[Opening Data under study section]

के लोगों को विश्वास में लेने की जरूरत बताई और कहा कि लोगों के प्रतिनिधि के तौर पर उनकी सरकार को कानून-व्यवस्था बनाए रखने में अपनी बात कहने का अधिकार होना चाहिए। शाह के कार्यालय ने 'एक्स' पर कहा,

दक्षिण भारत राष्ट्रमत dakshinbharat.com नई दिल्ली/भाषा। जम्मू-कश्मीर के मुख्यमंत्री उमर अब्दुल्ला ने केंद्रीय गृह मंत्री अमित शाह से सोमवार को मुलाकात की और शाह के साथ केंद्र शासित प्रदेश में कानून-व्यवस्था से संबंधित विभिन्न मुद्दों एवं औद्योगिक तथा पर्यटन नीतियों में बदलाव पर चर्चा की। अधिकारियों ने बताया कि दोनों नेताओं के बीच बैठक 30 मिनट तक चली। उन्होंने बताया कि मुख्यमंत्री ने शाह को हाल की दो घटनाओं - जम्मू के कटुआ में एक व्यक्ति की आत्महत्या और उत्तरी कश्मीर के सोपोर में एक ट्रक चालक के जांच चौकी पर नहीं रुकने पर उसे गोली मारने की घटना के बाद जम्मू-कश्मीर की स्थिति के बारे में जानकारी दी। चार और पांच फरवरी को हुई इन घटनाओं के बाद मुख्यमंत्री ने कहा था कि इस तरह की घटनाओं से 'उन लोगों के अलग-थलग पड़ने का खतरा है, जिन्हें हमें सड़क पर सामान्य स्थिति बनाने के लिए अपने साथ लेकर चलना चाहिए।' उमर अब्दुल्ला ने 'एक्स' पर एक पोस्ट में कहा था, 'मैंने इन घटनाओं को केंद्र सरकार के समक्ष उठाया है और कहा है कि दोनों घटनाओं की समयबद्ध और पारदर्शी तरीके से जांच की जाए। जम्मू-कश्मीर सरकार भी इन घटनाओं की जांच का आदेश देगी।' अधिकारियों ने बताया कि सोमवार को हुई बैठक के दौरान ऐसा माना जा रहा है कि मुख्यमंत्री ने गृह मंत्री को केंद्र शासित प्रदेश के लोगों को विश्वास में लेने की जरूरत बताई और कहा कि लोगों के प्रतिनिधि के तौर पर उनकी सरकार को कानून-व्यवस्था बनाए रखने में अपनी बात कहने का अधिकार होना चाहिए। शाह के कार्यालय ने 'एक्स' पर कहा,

[Closing Data under study section]
[Opening Data under study section]

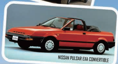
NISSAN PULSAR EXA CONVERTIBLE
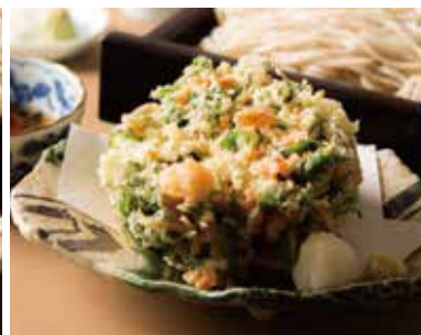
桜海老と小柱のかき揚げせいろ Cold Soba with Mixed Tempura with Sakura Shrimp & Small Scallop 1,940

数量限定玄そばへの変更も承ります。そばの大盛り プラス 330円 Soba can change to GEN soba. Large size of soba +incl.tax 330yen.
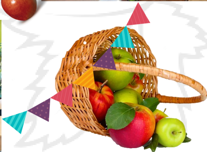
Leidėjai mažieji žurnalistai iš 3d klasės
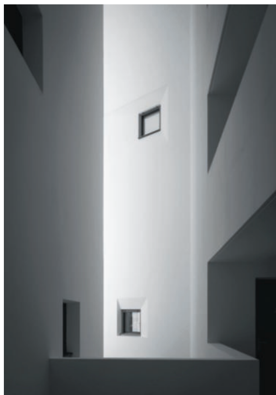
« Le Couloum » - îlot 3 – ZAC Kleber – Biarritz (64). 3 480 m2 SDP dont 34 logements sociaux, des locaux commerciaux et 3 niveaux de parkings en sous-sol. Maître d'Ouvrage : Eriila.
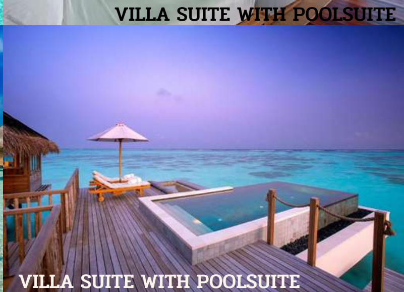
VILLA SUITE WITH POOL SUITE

[Closing Data under study section]
[Opening Data under study section]

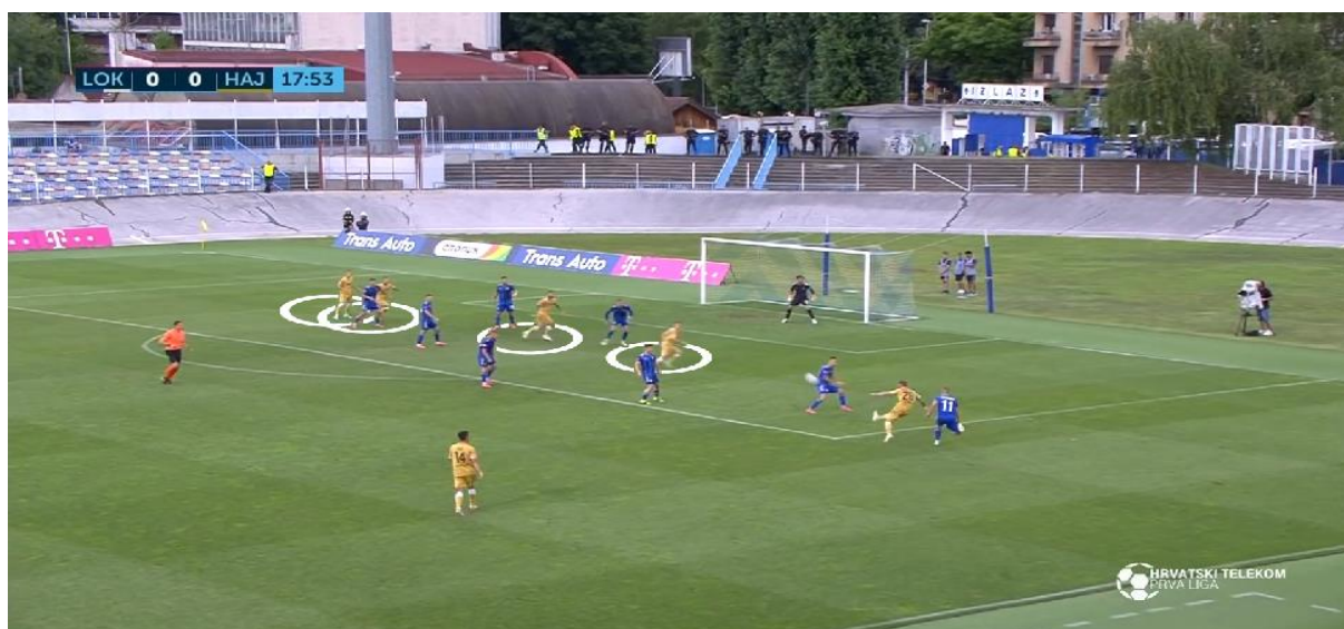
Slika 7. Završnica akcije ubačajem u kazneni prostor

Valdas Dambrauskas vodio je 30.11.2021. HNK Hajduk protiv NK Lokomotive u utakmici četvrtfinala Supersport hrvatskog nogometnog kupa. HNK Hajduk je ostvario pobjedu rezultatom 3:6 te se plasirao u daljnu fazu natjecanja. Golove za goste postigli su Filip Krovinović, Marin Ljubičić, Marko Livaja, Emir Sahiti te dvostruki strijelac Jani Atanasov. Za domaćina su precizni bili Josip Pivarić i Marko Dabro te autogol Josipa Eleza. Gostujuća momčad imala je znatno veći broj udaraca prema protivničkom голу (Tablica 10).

[Closing Data under study section]

Directions for this task:
In the material above, find every line that has the string "Soba" and pull those lines out.

Response area:
桜海老と小柱のかき揚げせいろ Cold Soba with Mixed Tempura with Sakura Shrimp & Small Scallop 1,940
数量限定玄そばへの変更も承ります。そばの大盛り プラス 330円 Soba can change to GEN soba. Large size of soba +incl.tax 330yen.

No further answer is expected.